● THE TASK
Only the lines running from the line with "据该《通知》显示,受机组检修" to the end of the listing below should be copied, exactly, without pictures.

● DATA SHOWN
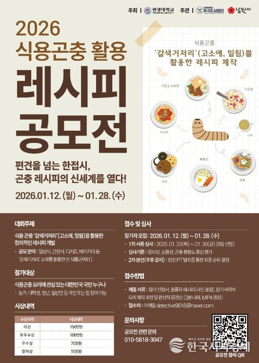 남원시 관계자는 “곤충 식품에 대한 소비자 인식을 개선하고 곤충 단백질의 효능과 가치를 친숙하게 하여 곤충 식품에 대한 국민 정서상 거리를 좁히고, 곤충 식품의 이미지 전환을 위해 【2026 식용 곤충 활용 레시피 공모전】을 추진하게 됐다.”고 말했으며, “식품으로서의 곤충 원료를 대량 생산하기 위해 남원시는 2024년부터 곤충산업 거점 단지 조성 사업을 추진해 곤충산업을 바이오산업 핵심 기반으로 고도화하고 있으며, 전문가들과 협업해 곤충의 가치를 높이고 활용 범위를 넓혀가는 추세로 곤충산업에 대한 많은 관심과 응원 부탁드린다“라고 말했다.
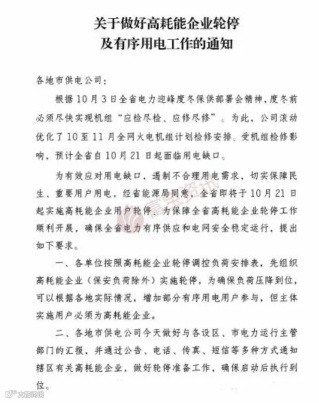 据该《通知》显示,受机组检修影响,预计全省10月21日起面临用电缺口,为有效应对,遏制不合理用电需求,切实保障民生、重要用户用电,经省能源局同意,全省即将于10月21日起实施高能耗企业用户轮停。
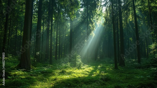 Magical sun rays penetrate through dense trees in a vibrant green forest

● THE ANSWER
 据该《通知》显示,受机组检修影响,预计全省10月21日起面临用电缺口,为有效应对,遏制不合理用电需求,切实保障民生、重要用户用电,经省能源局同意,全省即将于10月21日起实施高能耗企业用户轮停。
 Magical sun rays penetrate through dense trees in a vibrant green forest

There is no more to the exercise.